请问下参比制剂选择时,如果一个原研药品,大规格和小规格都是RLD,但通常只有一个规格是RS,是大规格的。假如我们想仿小规格时,质量研究阶段选择的参比制剂是选择的是小规格,生物利用度选择大规格吗?还是质量研究和生物利用度研究都选小规格?
答:如果小规格可以购买到,而且只打算仿制小规格,则使用小规格参比制剂进行所有研究。如果大小规格都能购买到,而且大小规格是成比例的,则可以用小规格进行质量研究,用大规格进行生物等效性研究。这样,该生物等效性结果适用于 2 种规格。
水溶性比较差的一些药物,在做溶出检测方法回收率验证时,回收率无法达到标准,如何去解决?
答:说明该溶出检测方法需要改进。可以试试如下措施以增加溶出度,如添加不超过 3.0%的 SLS,更换溶出液 pH 值,增加搅拌速率从 50 到 100 rpm 等。

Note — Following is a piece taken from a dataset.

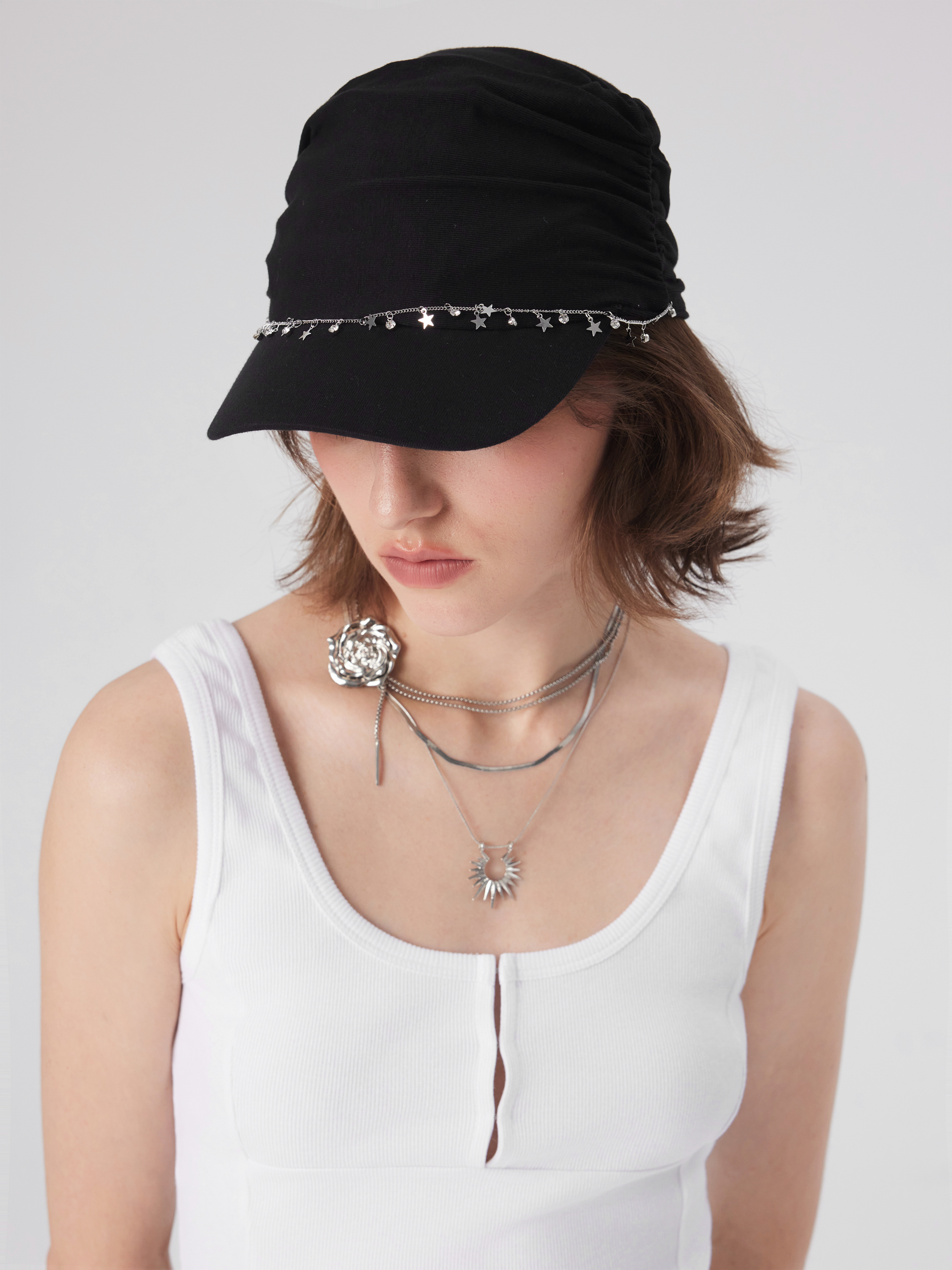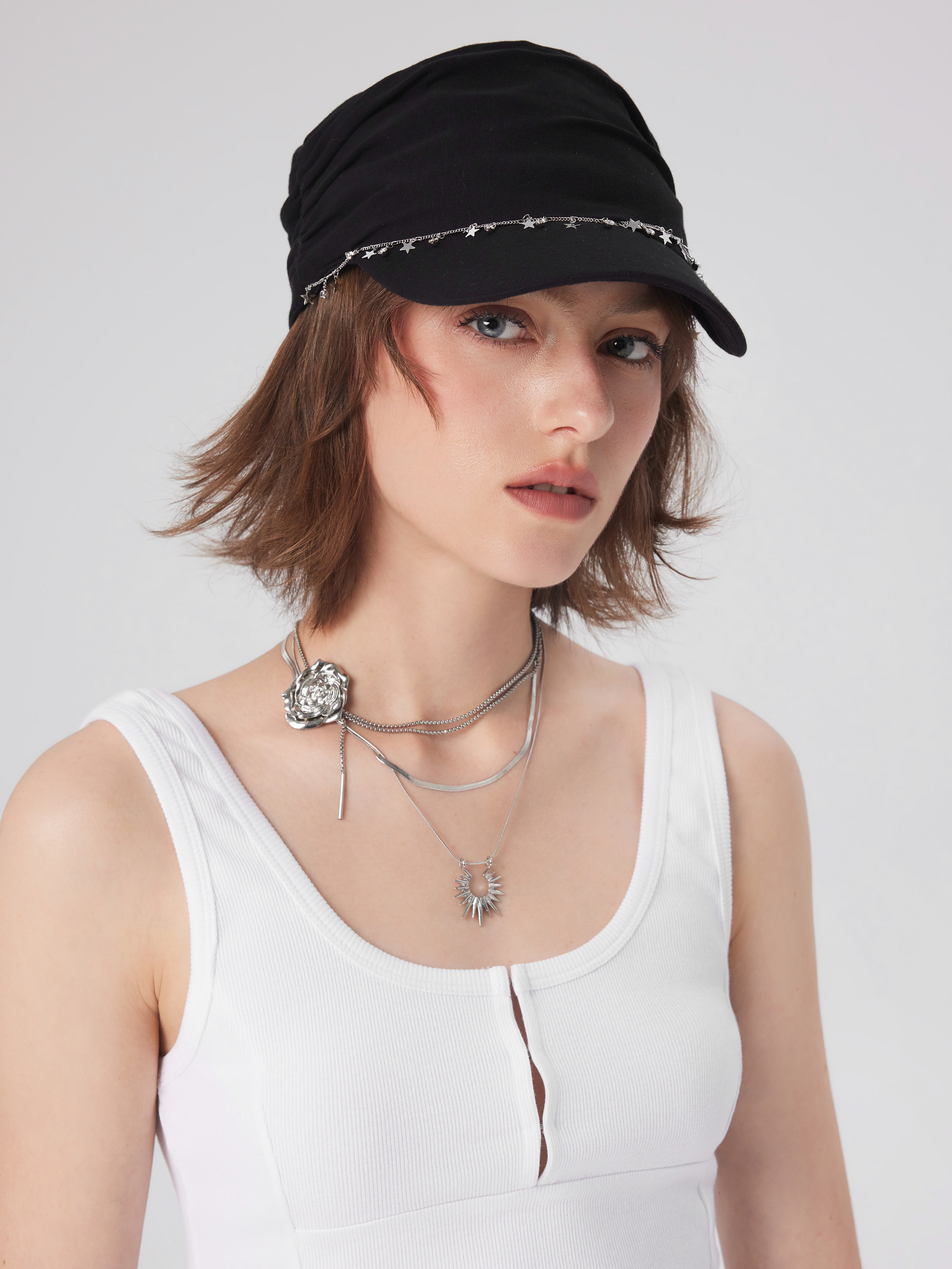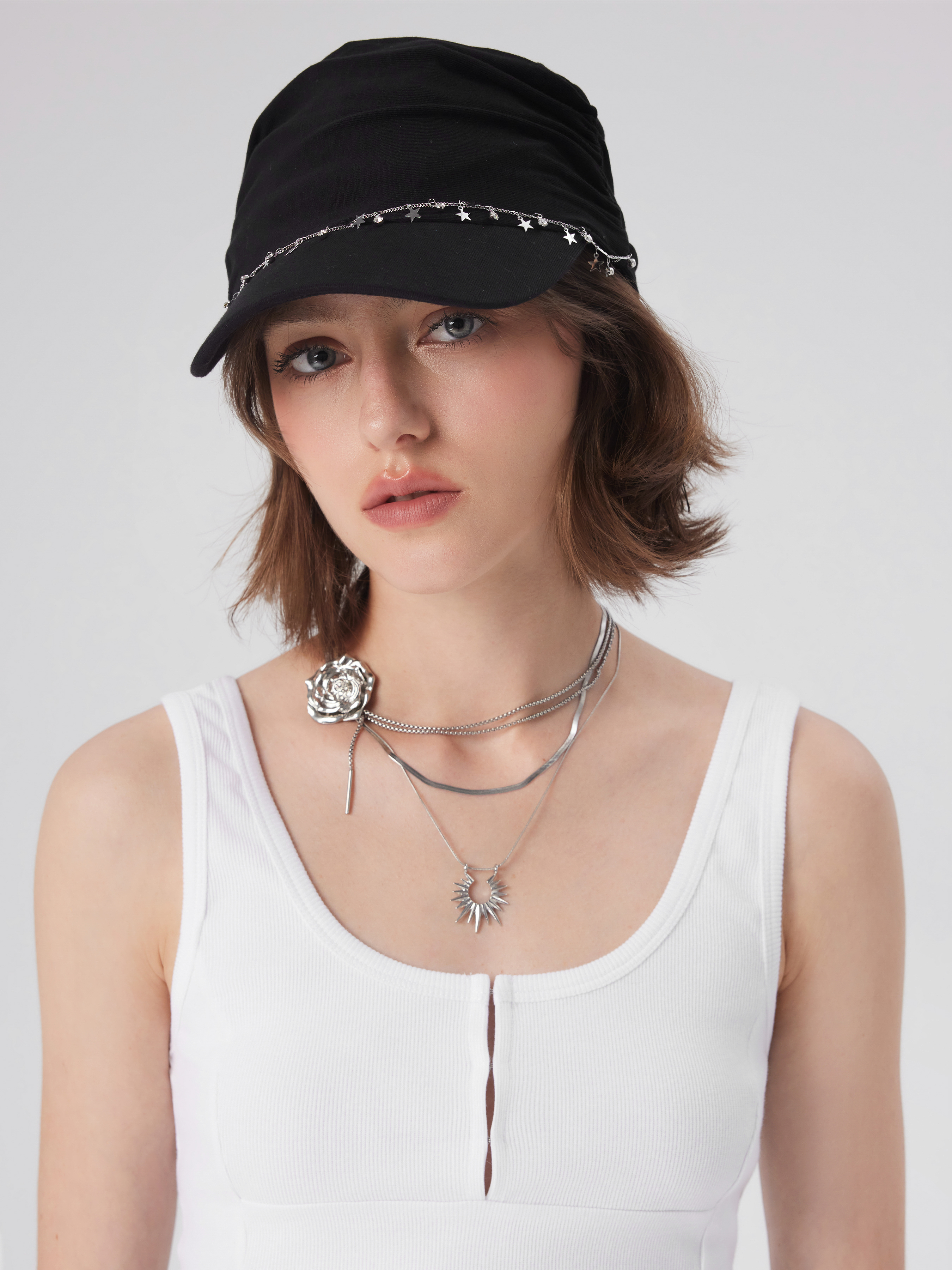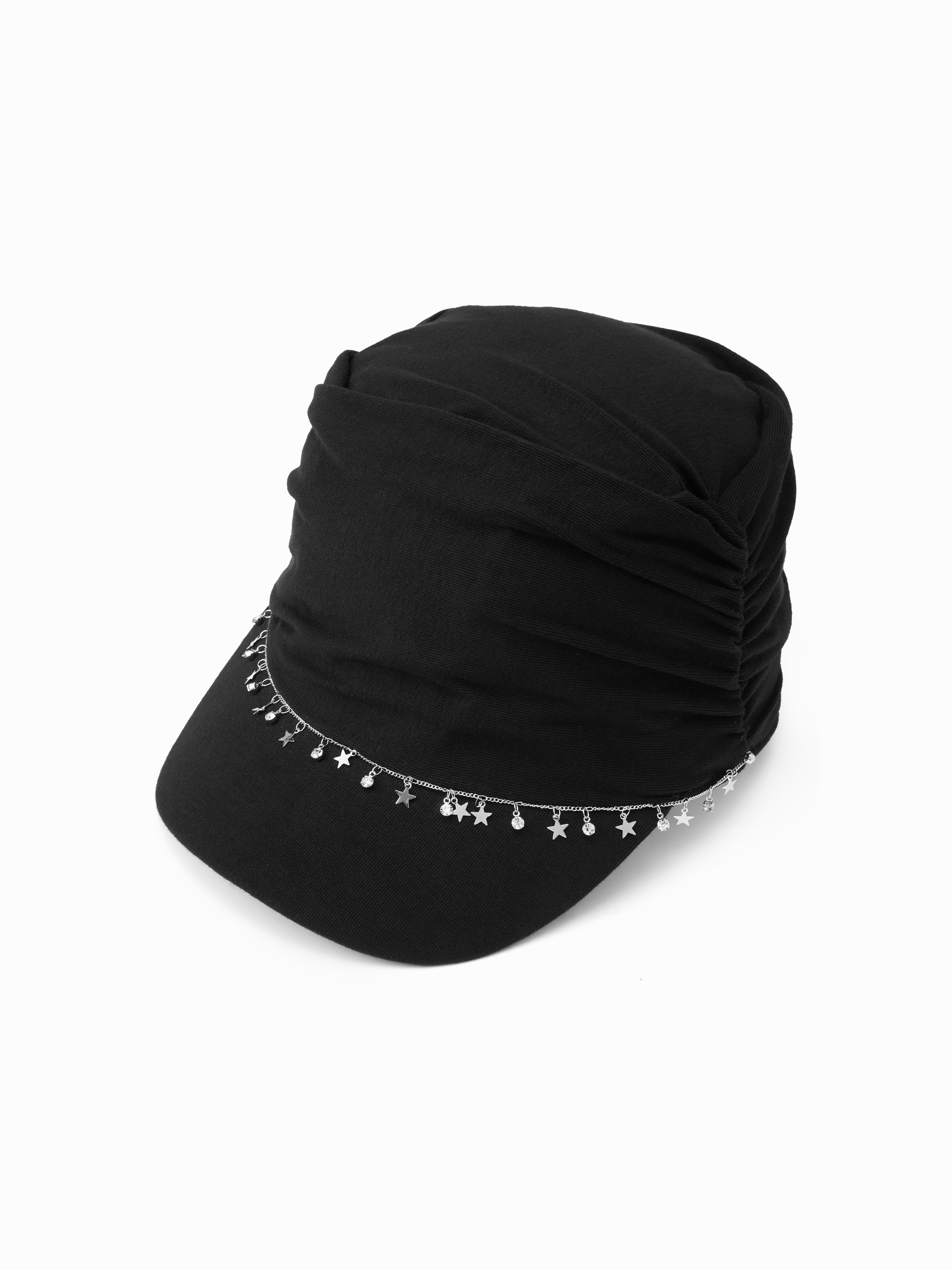 STAR & RHINESTONE CHAIN DECOR BERET HAT

体内相关的药代参数对咱们体外溶出的指导意义是否有一定的相关性?
答:不是所有药都能建立良好的体内体外相关性。参看下表。
类别 |
溶解性/通透性 |
吸收 |
可预期体内体外相关性 |
1 |
高/高 |
胃排空控制 |
如果溶出速度比胃排空速率慢,则可预期体内体外相关性。否则,只有有限的或没有相关性。 |
2 |
低/高 |
受溶出度控制 |
除非剂量非常高,如果体外与体内溶出速率相似,则可预期体内体外具有相关性。 |
3 |
高/低 |
与溶出无关受通透性控制 |
吸收[通透性]是速率决定因素。与体外溶出速率只有有限或没有相关性。 |
4 |
低/低 |
依个案而论 |
与体外溶出速率只有有限或没有相关性。 |
对于IVIVC这块内容没有看太懂,我是想问,能不能从溶出曲线通过卷积和反卷积直接得到血药浓度~时间曲线,若可以,我们通常研究过程会有多条溶出曲线,每一条溶出曲线通过这个卷积和反卷积过程得到血药浓度~时间曲线是否一样?我们在利用这个IVIVC来预测生物等效性的时候,是不是只需要做一个区分力的溶出曲线即可?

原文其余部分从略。